晴乗雨読な休日

休日の趣味レベルで晴れの日は自転車に乗ってお出かけ。雨の日は家で読書。

宇江佐真理 『ひょうたん』

2015-09-27 | 日本人作家 あ
だんだん我が家の書棚に宇江佐真理の本が増えてきました。というか時代小説が増えてきたんですね。
まだまだ読んでない有名な時代小説はそれこそ山のようにあるので、これから楽しみです。ただ人物の伝記になるとものすごい長編になるので、そこらへんはどうも。池波正太郎の「真田太平記」とか読んでみたいのですが、なかなか腰が重いといいますか。

さて、「ひょうたん」ですが、江戸、本所にある古道具屋「鳳来堂」の亭主、音松と妻のお鈴のお話。
「鳳来堂」は骨董など高価なものは置いてなくて、中古の生活用品などを扱っている文字通りの「古道具屋」。十歳になる長五郎という息子がいますが、音松の兄の質屋に奉公に上がっています。この店は夕方になると友人たちの溜まり場となり、お鈴はそれがちょっと迷惑ですが音松はそんなの気にせずほぼ毎日「鳳来堂」に集まっては飲んで喋ってといった感じ。

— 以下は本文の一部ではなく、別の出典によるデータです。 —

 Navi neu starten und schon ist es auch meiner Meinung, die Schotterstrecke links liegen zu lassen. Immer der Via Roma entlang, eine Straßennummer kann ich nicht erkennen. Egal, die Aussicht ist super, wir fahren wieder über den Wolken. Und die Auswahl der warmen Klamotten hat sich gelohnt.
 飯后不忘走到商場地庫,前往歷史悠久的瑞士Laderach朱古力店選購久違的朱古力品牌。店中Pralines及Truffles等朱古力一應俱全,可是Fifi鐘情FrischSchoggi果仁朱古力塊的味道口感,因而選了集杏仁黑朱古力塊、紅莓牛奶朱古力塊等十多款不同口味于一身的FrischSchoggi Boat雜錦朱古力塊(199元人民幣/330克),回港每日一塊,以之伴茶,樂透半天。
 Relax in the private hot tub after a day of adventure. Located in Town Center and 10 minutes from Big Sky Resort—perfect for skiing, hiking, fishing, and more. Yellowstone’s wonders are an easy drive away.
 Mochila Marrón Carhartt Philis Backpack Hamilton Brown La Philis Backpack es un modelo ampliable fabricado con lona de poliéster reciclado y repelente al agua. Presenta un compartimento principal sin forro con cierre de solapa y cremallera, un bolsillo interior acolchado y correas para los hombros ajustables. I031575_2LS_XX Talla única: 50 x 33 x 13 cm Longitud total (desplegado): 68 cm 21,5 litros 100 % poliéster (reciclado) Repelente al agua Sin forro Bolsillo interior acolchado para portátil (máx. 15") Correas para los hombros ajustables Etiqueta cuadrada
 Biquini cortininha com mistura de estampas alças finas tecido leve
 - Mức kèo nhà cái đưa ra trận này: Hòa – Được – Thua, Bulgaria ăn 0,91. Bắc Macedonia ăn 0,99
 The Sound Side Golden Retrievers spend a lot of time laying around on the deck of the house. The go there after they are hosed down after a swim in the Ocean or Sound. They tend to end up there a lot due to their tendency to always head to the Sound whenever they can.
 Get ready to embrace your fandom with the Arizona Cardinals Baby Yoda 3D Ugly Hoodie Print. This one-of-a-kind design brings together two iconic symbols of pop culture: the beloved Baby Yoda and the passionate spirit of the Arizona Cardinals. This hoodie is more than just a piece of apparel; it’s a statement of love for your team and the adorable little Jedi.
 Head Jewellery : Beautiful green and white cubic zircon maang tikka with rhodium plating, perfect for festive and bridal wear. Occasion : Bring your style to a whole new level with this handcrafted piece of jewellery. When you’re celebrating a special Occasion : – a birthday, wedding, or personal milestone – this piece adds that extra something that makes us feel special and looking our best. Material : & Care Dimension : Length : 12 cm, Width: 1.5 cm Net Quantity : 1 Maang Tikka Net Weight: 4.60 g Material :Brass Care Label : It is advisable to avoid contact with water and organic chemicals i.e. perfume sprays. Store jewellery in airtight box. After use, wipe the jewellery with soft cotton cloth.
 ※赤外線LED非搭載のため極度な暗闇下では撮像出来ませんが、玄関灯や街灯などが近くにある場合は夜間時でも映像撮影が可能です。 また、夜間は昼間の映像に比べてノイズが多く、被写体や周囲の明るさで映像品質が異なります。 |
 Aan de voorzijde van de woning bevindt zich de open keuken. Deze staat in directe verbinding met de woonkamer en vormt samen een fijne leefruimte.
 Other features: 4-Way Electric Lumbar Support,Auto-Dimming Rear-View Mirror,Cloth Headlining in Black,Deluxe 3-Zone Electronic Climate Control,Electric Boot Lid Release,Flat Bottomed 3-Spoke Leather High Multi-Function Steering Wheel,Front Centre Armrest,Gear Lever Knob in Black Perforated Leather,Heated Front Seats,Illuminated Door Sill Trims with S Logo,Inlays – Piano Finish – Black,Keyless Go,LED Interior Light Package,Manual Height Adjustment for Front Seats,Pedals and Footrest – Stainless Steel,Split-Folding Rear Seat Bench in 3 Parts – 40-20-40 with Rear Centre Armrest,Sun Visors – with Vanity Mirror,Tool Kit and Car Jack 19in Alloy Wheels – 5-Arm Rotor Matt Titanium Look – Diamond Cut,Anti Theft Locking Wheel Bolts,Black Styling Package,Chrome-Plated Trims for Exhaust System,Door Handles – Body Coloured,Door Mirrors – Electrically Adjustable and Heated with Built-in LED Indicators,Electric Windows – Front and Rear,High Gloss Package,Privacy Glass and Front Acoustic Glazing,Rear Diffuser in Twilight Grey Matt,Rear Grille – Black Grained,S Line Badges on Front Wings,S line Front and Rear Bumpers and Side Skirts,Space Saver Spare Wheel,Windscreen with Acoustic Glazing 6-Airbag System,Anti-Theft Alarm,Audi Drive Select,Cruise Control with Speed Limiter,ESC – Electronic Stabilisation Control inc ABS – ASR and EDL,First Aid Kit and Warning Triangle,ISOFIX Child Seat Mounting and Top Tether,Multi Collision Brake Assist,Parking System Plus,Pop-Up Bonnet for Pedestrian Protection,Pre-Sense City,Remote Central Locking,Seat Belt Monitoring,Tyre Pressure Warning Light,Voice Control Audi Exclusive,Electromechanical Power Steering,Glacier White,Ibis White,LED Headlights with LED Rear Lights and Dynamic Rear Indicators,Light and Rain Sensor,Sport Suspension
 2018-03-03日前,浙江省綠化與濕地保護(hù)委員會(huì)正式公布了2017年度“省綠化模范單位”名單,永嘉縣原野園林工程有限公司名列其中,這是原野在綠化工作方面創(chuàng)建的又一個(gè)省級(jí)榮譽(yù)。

「織部の茶碗」では、ある日、音吉が出かけた帰りに浪人が道端で道具を売っているのを見かけ、そこに良さげな茶碗があったので音松は四百文で買うのです。その茶碗は織部作のものと音松は言うのですが、折り紙(鑑定書)も付いていません。
ところが後日、地元の岡っ引きが来て、半月ほど前に浪人が空き巣をして盗品を道端で売っていたところ捕まり、被害にあった家の人が品物を見てみると、先祖が殿様からいただいた家宝の茶碗が無いというのです・・・

表題作「ひょうたん」では、音松が突然、客を連れてきます。夏太郎というこの男は橋から身投げしようとしていたところを助けます。しかし、なかなか自分の身元を話そうとせず、ただ「親方と喧嘩して出てきた」と・・・

「そぼろ助広」では、「鳳来堂」に武士が刀を売りに来ますが、話を聞けば、妻が病気で薬代や滋養のある食べ物を買うために売るというのです。そこで音松は質屋をやっている兄に見てもらうことにして武士に一旦帰ってもらうことに。そこで、この刀はどうやらすごい刀と分かったのですが・・・

「びいどろ玉簪」では、「鳳来堂」に身なりの貧しそうな小さな女の子と男の子が来て、簪を買い取ってほしいというのです。応対に出たお鈴は話を聞くとこの二人の母親が奉公してた家からいただいた簪で、その母親は病気になって、売りに来たといい、気の毒に思ったお鈴が何か食べさせてあげようと思い台所へ行って田楽を持って店に戻ると二人の姿はなく簪もなくなっていて・・・

「招き猫」では、音吉お鈴の息子、長五郎が「鳳来堂」に来ます。そこで、奉公先の質屋を辞めたいと言うので、話を聞くと、亭主の竹蔵と番頭が留守中に客が来て、長五郎が応対します。質草は招き猫で、しかも十体も。なかなか上等な招き猫だったので長五郎は買い、番頭が帰ってきたので見せると番頭は褒めてくれたのですが、亭主は怒り出し・・・

「貧乏徳利」では、瓦職人と名乗る男が、自作の徳利を売りにきます。音松はその徳利を買いますが、二合の徳利で、なぜ「貧乏」なのかというと、近頃は「ちろり」という金属製の酒燗が主流で、今では場末の飲み屋でしか使われていないそう。ところが後日、岡っ引きが、最近焼き物の贋作が出回っているというのですが・・・

話に派手さは無く、淡々としていますが、読み終わって、じんわりと心が暖かくなります。